- PROMPT
If you see a picture in the data below, omit it and copy the rest exactly.

- INFORMATION SHOWN
—————

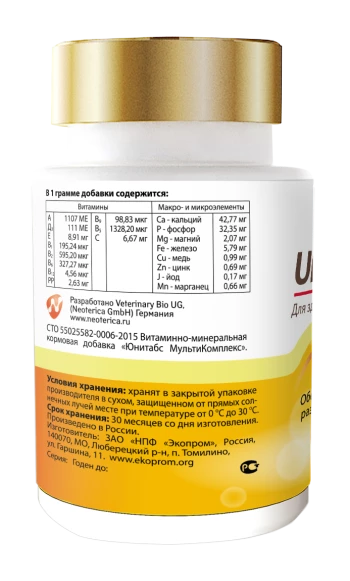 В состав Unitabs МамаCare входит 21 элемент для комплексного действия: фолиевая кислота, витамины А, D3, Е, В1, В2, В6, В12, РР, В5, С, кальций, фосфор, магний, железо, медь, цинк, йод, марганец, омега-6 и омега-3. Оптимальный баланс витаминов, макро- и микроэлементов предотвращает неблагоприятные последствия дефицита веществ в организме беременной и лактирующей собаки, способствует сохранности и полноценному развитию потомства.
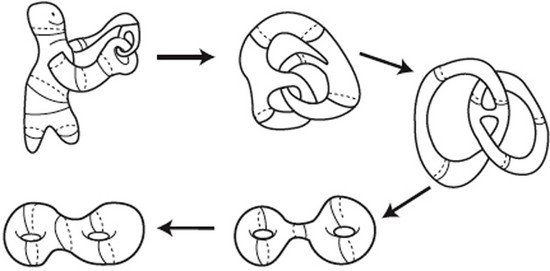 2这个数字,是第一个拓扑数,它标记拓扑等价于球面的几何体。所谓拓扑等价,指的是如果两个几何体可以通过连续拉伸、扭曲、旋转等操作变换到对方(如图1),这些操作不能是粘合、撕裂,那么这两个几何体称作是拓扑等价的。因此,也有人形象地将拓扑学称为橡皮几何学,因为它研究的性质在图形做弹性形变时是不会改变的。
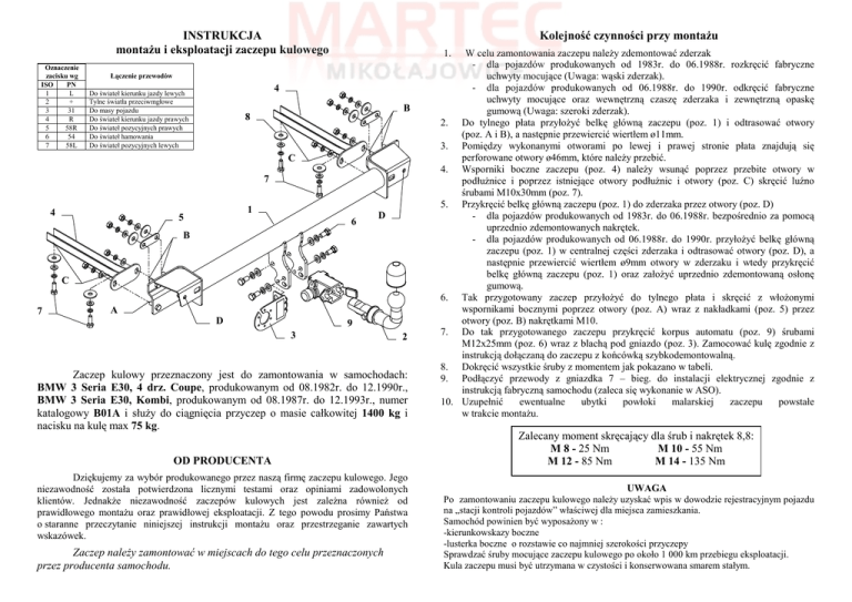 INSTRUKCJA montaŜu i eksploatacji zaczepu kulowego Oznaczenie zacisku wg ISO PN 1 L 2 + 3 31 4 R 5 58R 6 54 7 58L Kolejność czynności przy montaŜu 1. Łączenie przewodów 4 Do świateł kierunku jazdy lewych Tylne światła przeciwmgłowe Do masy pojazdu Do świateł kierunku jazdy prawych Do świateł pozycyjnych prawych Do świateł hamowania Do świateł pozycyjnych lewych B 8 C 7 4 1 5 6 D B C 7 A D 9 3 2 Zaczep kulowy przeznaczony jest do zamontowania w samochodach: BMW 3 Seria E30, 4 drz. Coupe, produkowanym od 08.1982r. do 12.1990r., BMW 3 Seria E30, Kombi, produkowanym od 08.1987r. do 12.1993r., numer katalogowy B01A i słuŜy do ciągnięcia przyczep o masie całkowitej 1400 kg i nacisku na kulę max 75 kg. OD PRODUCENTA Dziękujemy za wybór produkowanego przez naszą firmę zaczepu kulowego. Jego niezawodność została potwierdzona licznymi testami oraz opiniami zadowolonych klientów. JednakŜe niezawodność zaczepów kulowych jest zaleŜna równieŜ od prawidłowego montaŜu oraz prawidłowej eksploatacji. Z tego powodu prosimy Państwa o staranne przeczytanie niniejszej instrukcji montaŜu oraz przestrzeganie zawartych wskazówek. Zaczep naleŜy zamontować w miejscach do tego celu przeznaczonych przez producenta samochodu. W celu zamontowania zaczepu naleŜy zdemontować zderzak - dla pojazdów produkowanych od 1983r. do 06.1988r. rozkręcić fabryczne uchwyty mocujące (Uwaga: wąski zderzak). - dla pojazdów produkowanych od 06.1988r. do 1990r. odkręcić fabryczne uchwyty mocujące oraz wewnętrzną czaszę zderzaka i zewnętrzną opaskę gumową (Uwaga: szeroki zderzak). 2. Do tylnego płata przyłoŜyć belkę główną zaczepu (poz. 1) i odtrasować otwory (poz. A i B), a następnie przewiercić wiertłem ø11mm. 3. Pomiędzy wykonanymi otworami po lewej i prawej stronie płata znajdują się perforowane otwory ø46mm, które naleŜy przebić. 4. Wsporniki boczne zaczepu (poz. 4) naleŜy wsunąć poprzez przebite otwory w podłuŜnice i poprzez istniejące otwory podłuŜnic i otwory (poz. C) skręcić luźno śrubami M10x30mm (poz. 7). 5. Przykręcić belkę główną zaczepu (poz. 1) do zderzaka przez otwory (poz. D) - dla pojazdów produkowanych od 1983r. do 06.1988r. bezpośrednio za pomocą uprzednio zdemontowanych nakrętek. - dla pojazdów produkowanych od 06.1988r. do 1990r. przyłoŜyć belkę główną zaczepu (poz. 1) w centralnej części zderzaka i odtrasować otwory (poz. D), a następnie przewiercić wiertłem ø9mm otwory w zderzaku i wtedy przykręcić belkę główną zaczepu (poz. 1) oraz załoŜyć uprzednio zdemontowaną osłonę gumową. 6. Tak przygotowany zaczep przyłoŜyć do tylnego płata i skręcić z włoŜonymi wspornikami bocznymi poprzez otwory (poz. A) wraz z nakładkami (poz. 5) przez otwory (poz. B) nakrętkami M10. 7. Do tak przygotowanego zaczepu przykręcić korpus automatu (poz. 9) śrubami M12x25mm (poz. 6) wraz z blachą pod gniazdo (poz. 3). Zamocować kulę zgodnie z instrukcją dołączaną do zaczepu z końcówką szybkodemontowalną. 8. Dokręcić wszystkie śruby z momentem jak pokazano w tabeli. 9. Podłączyć przewody z gniazdka 7 – bieg. do instalacji elektrycznej zgodnie z instrukcją fabryczną samochodu (zaleca się wykonanie w ASO). 10. Uzupełnić ewentualne ubytki powłoki malarskiej zaczepu powstałe w trakcie montaŜu. Zalecany moment skręcający dla śrub i nakrętek 8,8: M 8 - 25 Nm M 10 - 55 Nm M 12 - 85 Nm M 14 - 135 Nm UWAGA Po zamontowaniu zaczepu kulowego naleŜy uzyskać wpis w dowodzie rejestracyjnym pojazdu na „stacji kontroli pojazdów” właściwej dla miejsca zamieszkania. Samochód powinien być wyposaŜony w : -kierunkowskazy boczne -lusterka boczne o rozstawie co najmniej szerokości przyczepy Sprawdzać śruby mocujące zaczepu kulowego po około 1 000 km przebiegu eksploatacji. Kula zaczepu musi być utrzymana w czystości i konserwowana smarem stałym. WyposaŜenie zaczepu: PPUH AUTO-HAK S.J. Produkcja Haków Holowniczych Henryk & Zbigniew Nejman 76-200 SŁUPSK ul. Słoneczna 16K tel/fax (059) 8-414-414; 8-414-413 e-mail: [email protected] www. autohak.com.pl Zaczep kulowy bez wyposaŜenia elektrycznego Klasa: A50-X Nr kat. B01A Przeznaczony do zamontowania w samochodzie: Producent: BMW Model: SERIA 3 (E30) Typ: 4drz., COUPE produkowanym od 08.1982r. do 12.1990r. Typ: KOMBI produkowanym od 08.1987r. do 12.1993r. KARTA GWARANCYJNA Producent udziela gwarancji niniejszą kartą gwarancyjną na okres 24 miesięcy licząc od dnia zakupu zaczepu kulowego do samochodu: Dane techniczne: Wartość siły D : 7,53 kN maksymalna masa przyczepy: 1400 kg maksymalny nacisk na kulę: 75 kg Numer homologacji zgodnie z dyrektywą 94/20/WE: e20*94/20*0368*00 BMW 3 Seria E30, 4 drz. Coupe – produkowanego od 08.1982r. do 12.1990r. 3 Seria E30, Kombi – produkowanego od 08.1987r. do 12.1993r. Data produkcji .............................. Data zakupu............................................. Zakres gwarancji obejmuje wyłącznie wady jakościowe wynikające z winy producenta. Gwarancja nie obejmuje natomiast uszkodzeń zawinionych przez nabywcę, wynikających z niewłaściwego montaŜu, uŜytkowania lub konserwacji, uszkodzeń mechanicznych, normalnego zuŜycia podczas eksploatacji itp. Gwarancja udzielona na zakupiony towar nie wyłącza, nie ogranicza ani nie zawiesza uprawnień kupującego wynikających z niezgodności towaru z umową. Reklamacje naleŜy zgłaszać w punkcie sprzedaŜy, składając jednocześnie kartę gwarancyjną. Usunięcie "wady" następuje po stwierdzeniu przez punkt sprzedaŜy wspólnie z producentem słuszności złoŜonej reklamacji. Reklamacja powinna być załatwiona w ciągu 14 dni od dnia uznania reklamacji. Karta gwarancyjna jest niewaŜna jeŜeli nie jest wypełniona i podpisana. Data zgłoszenia reklamacji: ................................................................... INFORMACJA WSTĘPNA Zaczep kulowy jest skonstruowany zgodnie z zasadami bezpieczeńs

—————

- WRITTEN REPLY
 В состав Unitabs МамаCare входит 21 элемент для комплексного действия: фолиевая кислота, витамины А, D3, Е, В1, В2, В6, В12, РР, В5, С, кальций, фосфор, магний, железо, медь, цинк, йод, марганец, омега-6 и омега-3. Оптимальный баланс витаминов, макро- и микроэлементов предотвращает неблагоприятные последствия дефицита веществ в организме беременной и лактирующей собаки, способствует сохранности и полноценному развитию потомства.
 2这个数字,是第一个拓扑数,它标记拓扑等价于球面的几何体。所谓拓扑等价,指的是如果两个几何体可以通过连续拉伸、扭曲、旋转等操作变换到对方(如图1),这些操作不能是粘合、撕裂,那么这两个几何体称作是拓扑等价的。因此,也有人形象地将拓扑学称为橡皮几何学,因为它研究的性质在图形做弹性形变时是不会改变的。
 INSTRUKCJA montaŜu i eksploatacji zaczepu kulowego Oznaczenie zacisku wg ISO PN 1 L 2 + 3 31 4 R 5 58R 6 54 7 58L Kolejność czynności przy montaŜu 1. Łączenie przewodów 4 Do świateł kierunku jazdy lewych Tylne światła przeciwmgłowe Do masy pojazdu Do świateł kierunku jazdy prawych Do świateł pozycyjnych prawych Do świateł hamowania Do świateł pozycyjnych lewych B 8 C 7 4 1 5 6 D B C 7 A D 9 3 2 Zaczep kulowy przeznaczony jest do zamontowania w samochodach: BMW 3 Seria E30, 4 drz. Coupe, produkowanym od 08.1982r. do 12.1990r., BMW 3 Seria E30, Kombi, produkowanym od 08.1987r. do 12.1993r., numer katalogowy B01A i słuŜy do ciągnięcia przyczep o masie całkowitej 1400 kg i nacisku na kulę max 75 kg. OD PRODUCENTA Dziękujemy za wybór produkowanego przez naszą firmę zaczepu kulowego. Jego niezawodność została potwierdzona licznymi testami oraz opiniami zadowolonych klientów. JednakŜe niezawodność zaczepów kulowych jest zaleŜna równieŜ od prawidłowego montaŜu oraz prawidłowej eksploatacji. Z tego powodu prosimy Państwa o staranne przeczytanie niniejszej instrukcji montaŜu oraz przestrzeganie zawartych wskazówek. Zaczep naleŜy zamontować w miejscach do tego celu przeznaczonych przez producenta samochodu. W celu zamontowania zaczepu naleŜy zdemontować zderzak - dla pojazdów produkowanych od 1983r. do 06.1988r. rozkręcić fabryczne uchwyty mocujące (Uwaga: wąski zderzak). - dla pojazdów produkowanych od 06.1988r. do 1990r. odkręcić fabryczne uchwyty mocujące oraz wewnętrzną czaszę zderzaka i zewnętrzną opaskę gumową (Uwaga: szeroki zderzak). 2. Do tylnego płata przyłoŜyć belkę główną zaczepu (poz. 1) i odtrasować otwory (poz. A i B), a następnie przewiercić wiertłem ø11mm. 3. Pomiędzy wykonanymi otworami po lewej i prawej stronie płata znajdują się perforowane otwory ø46mm, które naleŜy przebić. 4. Wsporniki boczne zaczepu (poz. 4) naleŜy wsunąć poprzez przebite otwory w podłuŜnice i poprzez istniejące otwory podłuŜnic i otwory (poz. C) skręcić luźno śrubami M10x30mm (poz. 7). 5. Przykręcić belkę główną zaczepu (poz. 1) do zderzaka przez otwory (poz. D) - dla pojazdów produkowanych od 1983r. do 06.1988r. bezpośrednio za pomocą uprzednio zdemontowanych nakrętek. - dla pojazdów produkowanych od 06.1988r. do 1990r. przyłoŜyć belkę główną zaczepu (poz. 1) w centralnej części zderzaka i odtrasować otwory (poz. D), a następnie przewiercić wiertłem ø9mm otwory w zderzaku i wtedy przykręcić belkę główną zaczepu (poz. 1) oraz załoŜyć uprzednio zdemontowaną osłonę gumową. 6. Tak przygotowany zaczep przyłoŜyć do tylnego płata i skręcić z włoŜonymi wspornikami bocznymi poprzez otwory (poz. A) wraz z nakładkami (poz. 5) przez otwory (poz. B) nakrętkami M10. 7. Do tak przygotowanego zaczepu przykręcić korpus automatu (poz. 9) śrubami M12x25mm (poz. 6) wraz z blachą pod gniazdo (poz. 3). Zamocować kulę zgodnie z instrukcją dołączaną do zaczepu z końcówką szybkodemontowalną. 8. Dokręcić wszystkie śruby z momentem jak pokazano w tabeli. 9. Podłączyć przewody z gniazdka 7 – bieg. do instalacji elektrycznej zgodnie z instrukcją fabryczną samochodu (zaleca się wykonanie w ASO). 10. Uzupełnić ewentualne ubytki powłoki malarskiej zaczepu powstałe w trakcie montaŜu. Zalecany moment skręcający dla śrub i nakrętek 8,8: M 8 - 25 Nm M 10 - 55 Nm M 12 - 85 Nm M 14 - 135 Nm UWAGA Po zamontowaniu zaczepu kulowego naleŜy uzyskać wpis w dowodzie rejestracyjnym pojazdu na „stacji kontroli pojazdów” właściwej dla miejsca zamieszkania. Samochód powinien być wyposaŜony w : -kierunkowskazy boczne -lusterka boczne o rozstawie co najmniej szerokości przyczepy Sprawdzać śruby mocujące zaczepu kulowego po około 1 000 km przebiegu eksploatacji. Kula zaczepu musi być utrzymana w czystości i konserwowana smarem stałym. WyposaŜenie zaczepu: PPUH AUTO-HAK S.J. Produkcja Haków Holowniczych Henryk & Zbigniew Nejman 76-200 SŁUPSK ul. Słoneczna 16K tel/fax (059) 8-414-414; 8-414-413 e-mail: [email protected] www. autohak.com.pl Zaczep kulowy bez wyposaŜenia elektrycznego Klasa: A50-X Nr kat. B01A Przeznaczony do zamontowania w samochodzie: Producent: BMW Model: SERIA 3 (E30) Typ: 4drz., COUPE produkowanym od 08.1982r. do 12.1990r. Typ: KOMBI produkowanym od 08.1987r. do 12.1993r. KARTA GWARANCYJNA Producent udziela gwarancji niniejszą kartą gwarancyjną na okres 24 miesięcy licząc od dnia zakupu zaczepu kulowego do samochodu: Dane techniczne: Wartość siły D : 7,53 kN maksymalna masa przyczepy: 1400 kg maksymalny nacisk na kulę: 75 kg Numer homologacji zgodnie z dyrektywą 94/20/WE: e20*94/20*0368*00 BMW 3 Seria E30, 4 drz. Coupe – produkowanego od 08.1982r. do 12.1990r. 3 Seria E30, Kombi – produkowanego od 08.1987r. do 12.1993r. Data produkcji .............................. Data zakupu............................................. Zakres gwarancji obejmuje wyłącznie wady jakościowe wynikające z winy producenta. Gwarancja nie obejmuje natomiast uszkodzeń zawinionych przez nabywcę, wynikających z niewłaściwego montaŜu, uŜytkowania lub konserwacji, uszkodzeń mechanicznych, normalnego zuŜycia podczas eksploatacji itp. Gwarancja udzielona na zakupiony towar nie wyłącza, nie ogranicza ani nie zawiesza uprawnień kupującego wynikających z niezgodności towaru z umową. Reklamacje naleŜy zgłaszać w punkcie sprzedaŜy, składając jednocześnie kartę gwarancyjną. Usunięcie "wady" następuje po stwierdzeniu przez punkt sprzedaŜy wspólnie z producentem słuszności złoŜonej reklamacji. Reklamacja powinna być załatwiona w ciągu 14 dni od dnia uznania reklamacji. Karta gwarancyjna jest niewaŜna jeŜeli nie jest wypełniona i podpisana. Data zgłoszenia reklamacji: ................................................................... INFORMACJA WSTĘPNA Zaczep kulowy jest skonstruowany zgodnie z zasadami bezpieczeńs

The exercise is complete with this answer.